The problem is when algorithms are used to make decisions about things such as bus routes and schedules. A lack of reliable data regarding these mobility patterns is bound to produce incomplete results.
Autonomous Vehicles bring an important contribution to traffic optimization and passenger safety. Autonomous vehicles also open a window of opportunity for on-demand services.
Despite driverless cars being expected to be available on a large scale in the near future, the automotive industry will take small steps in introducing advanced driver assistance systems, easing consumers into a world where a machine is behind the steering wheel.
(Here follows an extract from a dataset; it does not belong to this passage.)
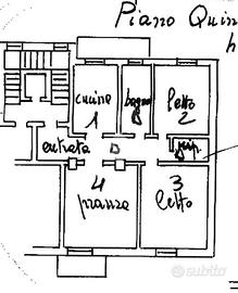 Si compone di: ingresso, cucina abitabile con balcone, tre camere da letto (una matrimoniale con balcone, una matrimoniale e un'ampia singola), disimpegno, bagno con vasca e ripostiglio.

While AI seems to be the future, no one can ignore it while discussing digital transformation. It identifies potential opportunities in the untapped markets and aims to enhance the ultimate user experience.
It is still unknown when autonomous cars will become mainstream due to the existing technology gap and regulatory framework. In the future, driverless cars will contribute to traffic optimization and passenger safety.
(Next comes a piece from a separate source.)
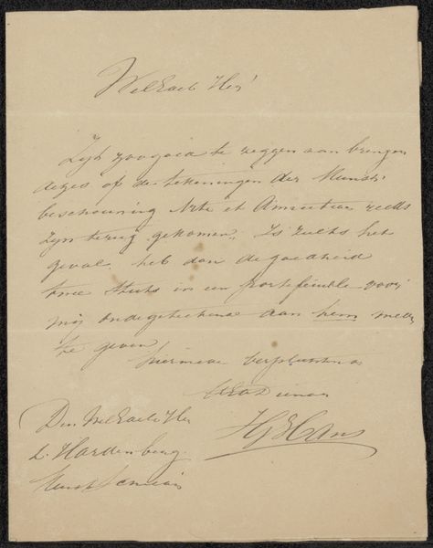 Curator: We’re looking at a fascinating artifact, a letter simply titled “Brief aan Philip Zilcken,” which translates to “Letter to Philip Zilcken.” The artist is none other than Mary Cassatt, and the date is given as between 1854 and 1926, corresponding with Cassatt’s life. The medium here is pen and ink, which provides insight into Cassatt's thoughts at that time. Editor: It's delicate, almost like glimpsing a private thought. The script is graceful but urgent, creating a sense of immediacy. The ink, now faded, speaks to the passage of time and makes me wonder who Philip Zilcken was and the nature of the communication. Curator: That's a good question. Philip Zilcken was a Dutch artist, critic, and writer, so there must be some sort of contact regarding the catalogue of artwork between them. And while Cassatt is best known as a painter and printmaker, she frequently used drawing as part of her artistic process. Correspondence like this shows an entirely different, more intimate dimension to Cassatt, particularly as she engaged with the art world. Editor: Exactly. Think about what this reveals about women artists and how they worked with galleries or how their pieces got exhibited in that period of history! Here we can see her speaking her mind. Even the casual nature of the pen-and-ink suggests a comfortable relationship—an insightful peek behind the curtain of a famous artist at work! It prompts questions about the support structures that facilitated Impressionism as a movement. Curator: Definitely. This unassuming piece becomes an important piece of art historical evidence! These seemingly small artifacts are what can broaden our view of art's role in its original setting. Editor: I think about the power dynamics inherent in these correspondences, the negotiations, the struggles to be seen and understood as a woman artist… Curator: Precisely. Studying objects such as these open possibilities and discussions concerning Cassatt's position, influence and work as an Impressionist. Editor: Looking closer here really helps me feel a stronger bond with an artist and an art movement I have loved all my life.

I remind you that “The Killers” are not necessarily bad value technology but products or services that should be purchased independently. Augmented Reality (AR). For now, there are two main topics for AR technologies in mobility. The first one is holographic navigation systems that help the driver by paying constant attention to the road and providing all the necessary information about various locations. This mapping is possible with augmented reality through holographic navigation systems. The second is warnings & alerts that are capable of presenting warnings, alerts, and safety aids on invisible screens that are embedded in the vehicle’s windshield.
Looking forward, the need for safer, faster, and easier to use vehicles will only increase. So will the number of innovative solutions that will help us. In this world of endless changes, industry leaders must adopt innovation and new technology opportunities. Social distancing challenges and urban needs have brought a lot of new challenges and changes so the auto industry will need to be much more open to technology than ever before. The faster the industry will embrace its new technologies, the faster, we the people, will have a better, safer future…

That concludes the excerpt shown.